所以,任憑那海嘯如何翻湧,也只能使得水面上的明月倒影蕩漾,而天上明月依舊高懸,不受絲毫影響嗯,這就是鍾黎苦思冥想出來的破招之法。
既然水行劍術難以贏過白鹿師姐這個水行劍仙,那麼他就不只修水了。
他本來就也有一直在研究自學那《歸冥葬月劍》,雖然這套古老的劍法傳承的劍招在如今已經算是落後了,但是他可以將其道韻精華與《白鹿劍法》融合起來。
這一劍【共潮生】便是由此而來。
之前那滾滾長江東逝水的【浪濤盡】只是他將師姐的《白鹿劍法》變的更適合自己的性格而已,使得其劍勢不再是雨中白鹿,而是江河怒蛟。
而現在,他又更進一步了,他的劍法開始脫離白鹿師姐的教導,開始自成一派。
白鹿所掀起的海嘯也終有力竭之時,幾番肆虐之後,波濤平息,而那平靜的水面上,明月的倒影也逐漸清晰,與那天生明月開始對應。
星垂平野闊,月涌大江流。
明月的潮汐之力開始再次影響下方江水,這也使得原本被白鹿的雨水影響從而被奪走的江河怒蛟劍勢再一次被鍾黎奪了回來。
而且,這一次,任憑白鹿的雨水如何充沛,那也再也無法再次動搖鍾黎的劍了。
潮汐奔涌,月照江流。
剛剛平靜下來的水面再起波瀾,起初還很小,但是一波接一波之下,最終滔天的巨浪再次形成,那怒蛟再次於水中肆虐,隨即朝著那依舊踏水而行的皎皎白鹿衝去。
白鹿依舊周身環繞著連綿不斷的雨水,只是這一次雨勢再大,也難以動搖那潮汐的到來了。白髮劍仙子見狀,也是欣慰的笑了。
「不錯,好一招【共潮生】,師弟,你的劍我認可了。」
她心中也是不知道第多少次的讚嘆著師弟悟性之妖孽,這才學劍多久啊,就已經超脫自己這個劍術老師的教導了,這假以時日,師弟究競能達到什麼境界,她都有點不敢想。
不過..
未來可期那也得未來已至才行。
至於現在. ...
白鹿鹿蹄輕踏,由水轉冰。
別忘了她的仙號是冰魄仙子,寒光劍仙,她主修的並不是純粹的水法,而是冰法。
這隨身的暴雨不過是她災獸體質自帶的異象而已,以前她只是陪師弟玩玩而已,而現在的師弟已經值得她稍微認真起來了。
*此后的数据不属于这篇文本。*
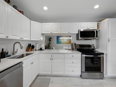 Corner unit with water views and extra natural light! IMPACT WINDOWS. Fully updated with sleek ceramic tile--NO carpet! The kitchen shines with granite counters, white subway tile backsplash, stainless LG appliances, and a pass-through to the dining area. Bright living space is ideal for relaxing or hosting. Both bathrooms are stylish and spotless. Screened balcony overlooks the water--perfect morning spot. Walk to clubhouse, pool, and more! Guard-gated 55+ community offers a cafe, gym, tennis, sauna, heated pool, hot tub, and year-round activities. One pet allowed, up to 30 lbs. Furnished by a professional designer--all furnishings negotiable. Best unit in Golden Lakes! Don't miss it!
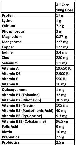 ALLCARE™ contains a mega blend of vitamins, minerals & yeast strains.
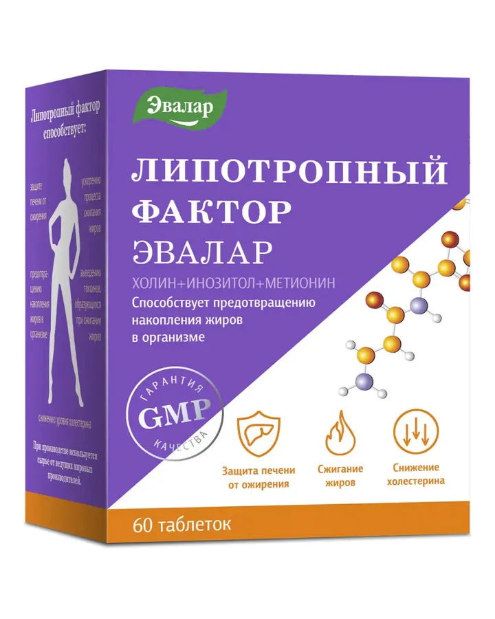 БАД Эвалар Липотропный фактор ускоряет сжигание жиров 60 таблеток

她的頭頂是有著四隻鹿角了,一對大的,一對小的,而現在那對原本小巧可愛的鹿角開始急速生長,但不是骨質的鹿角,而是晶瑩剔透的冰晶。
很快,這冰晶鹿角就已然生長的超越了原本那對正常的大鹿角,甚至反向開始影響那對正常的鹿角,將其拚接包裹起來。
最終形成了一對大的有些誇張的潔白冰晶之角。
冰角白鹿,身姿皎皎,尤其是在鍾黎的月光照耀之下,更是神聖無比,超然物外。
月中鍾黎也不由的被這份美麗所吸引,但是他心中的靈感已經在瘋狂報警了。
「我去,危險,溜了溜了。」
他當即從師姐的驚艷之中驚醒,隨即慌忙想要撤退,但是晚了。
「呼...」
白鹿深呼吸了一口氣,便有白色的霧氣從她口中呼出,隨後她看著面前的潮汐,平靜的舉起手中劍,一劍橫斬。
凜冽的劍光劃破長空,劍氣所過之處,千里冰封,萬里雪飄。
鍾黎那好不容易才掀起的江潮被瞬間冰封,劍氣潮水之中那肆虐的怒蛟還保持著之前那兇惡的模樣,卻也只能永遠停滯於此了。
那一輪劍氣甚至直衝天上明月,讓那原本想要要開溜的月亮也瞬間染霜。
「我去,凍死我了,冷啊。」
明月驟然破碎,顯露出鍾黎那冷的雙手抱肩,直打擺子的身形。
很顯然,今天的鬥劍,他又輸了。
「啊切,師姐,你這又是什麼劍啊,你之前可沒教過我這個。」
他目光幽怨的看著對面收劍的師姐。
雖然師姐剛剛已經最後已經收力了,要不然他現在可就不只是打噴嚏了,而是直接成為冰雕了。「嗬嗬,師弟,你沒學過的東西多了去了,你總不能幾個月就把我這幾百年的劍術學完吧。」白鹿也是笑了,不是平日裡的虛假笑容,而是難得的發自真心。
「別急,以後我會一點點都教給你的。」
她上前伸手替師弟拂去身上冰霜,吸走了師弟身上的冰魄劍意,補充道。
「多謝師姐。」
鍾黎也總算是覺得暖和了,他開口道謝著。
「這才是真正的以劍論道啊」
一旁的白舒月喃喃自語,握劍的手微微發顫。
她突然明悟,寒梅書院中規中矩的演武,比起這般生死一線的磨礪,簡直如同稚子描紅。
難怪她的劍勢比起鍾黎道友的劍勢就如同小貓遇到了猛虎啊,原來鍾道友的劍勢天天都是在這般壓力之下被磨礪出來的。
白舒月心情激動了起來,她也不怕吃苦的,她可太想進步了,現在只想請兩位教她。
然而..
「額,不是,鍾道友這是又在和上仙練什麼劍術?這怎麼兩人眼睛都快抽筋了啊?」
她看到鍾黎與白鹿兩人稍作休息之後就重新開始了練劍,只是這一次不是鬥劍了,而是相對溫和的正常演練。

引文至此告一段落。